How to Safely Use a Shared DB in Preview Environments — Per-PR Schema Isolation and Seed Data Automation
To be honest, I've lost an entire day to database issues in a Preview environment before. A colleague's PR migration wiped out a table in my Preview environment. Haven't we all sent that Slack message at least once — "Who DROP'd my table?"
Preview environments are isolated deployment environments that spin up automatically for each PR. While the frontend and backend separate cleanly, the database often remains a minefield where migrations conflict under the guise of being "shared." This article covers three strategies for running completely isolated environments per PR on a single shared database, including seed data automation, with real code examples. With Neon's expanding branching ecosystem, the release of DBLab 4.0, and other tools in this space maturing rapidly, the choices have become clear depending on team size and data volume.
Core Concepts
Why Preview Environments Hit a Wall at the Database
Preview Environment: An isolated temporary deployment environment that is automatically provisioned whenever a PR is created. It provides the full stack — frontend, backend, and database — via a unique URL, allowing code changes to be verified under production-like conditions.
When you open a PR on Vercel or Netlify, the frontend spins up with a unique URL. The problem is the backend, especially the database. If PR-A adds a column to the users table and PR-B deletes a column from the same table? If both are pointing at the same DB, whichever merges first breaks the other. After experiencing this several times myself, I finally thought, "I need to seriously consider DB isolation."

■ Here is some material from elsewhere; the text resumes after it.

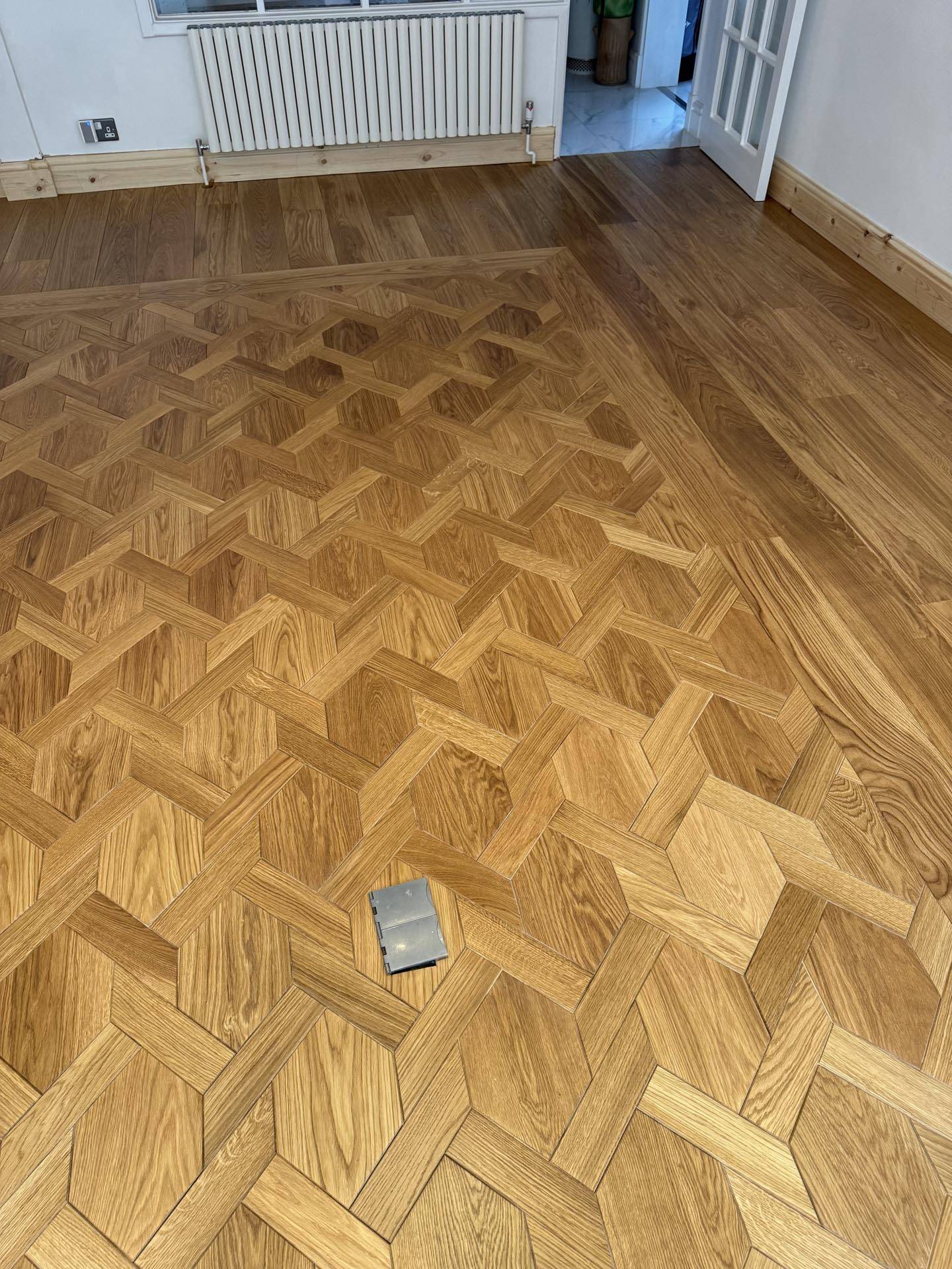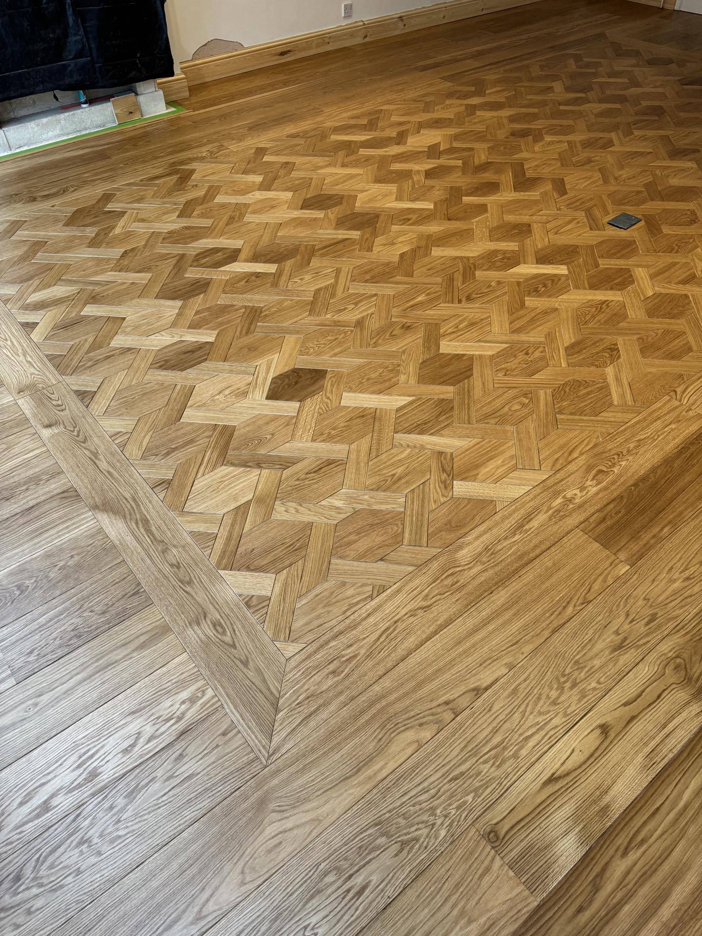 We removed the existing wood flooring and substrate, we then Installed a new substrate and installed insulation below the joists, we then planned out our wood flooring with the mansion weave installed as a centre master pieces and planks to border the mansion weave. We finished the flooring in a clear semi satin hard wax oil to provide depth and protection. Individually produced by Woodcraft Flooring for period and contemporary properties across the South East, delivering a balance of elegance, longevity, and technical excellence.

Which Strategy Should Our Team Use?
This is a question that frequently comes up in practice, and you can make a quick decision based on the following criteria:
- If seed data is sufficient and additional costs are difficult to justify → PostgreSQL schema isolation
- If you need to test with production data and prefer a managed service → Neon DB branching
- If you need TB-scale production data and have self-hosting infrastructure capabilities → DBLab Thin Clone
| Strategy | Core Principle | Provisioning Speed | Includes Production Data | Cost |
|---|---|---|---|---|
| PostgreSQL Schema Isolation | Dynamic search_path switching |
Instant | ❌ (Seed data only) | Free |
| DB Branching (Neon) | Copy-on-Write branches | Seconds | ✅ | Pay-as-you-go (approximately $0.5–2/month per branch, varies by compute usage) |
| Thin Clone (DBLab) | ZFS/LVM snapshots | Seconds | ✅ (TB-scale too) | Infrastructure costs only |
This article uses Prisma ORM as an example, but the schema isolation, branching, and seed automation patterns themselves are applicable regardless of ORM. The same principles apply whether your team uses Drizzle, TypeORM, or raw SQL.
Practical Implementation
Example 1: Lightweight Isolation Based on PostgreSQL Schemas
This pattern is useful when you don't want to spend on external services, or when you want to apply it directly to an existing PostgreSQL instance. Honestly, for small teams, this alone is sufficient.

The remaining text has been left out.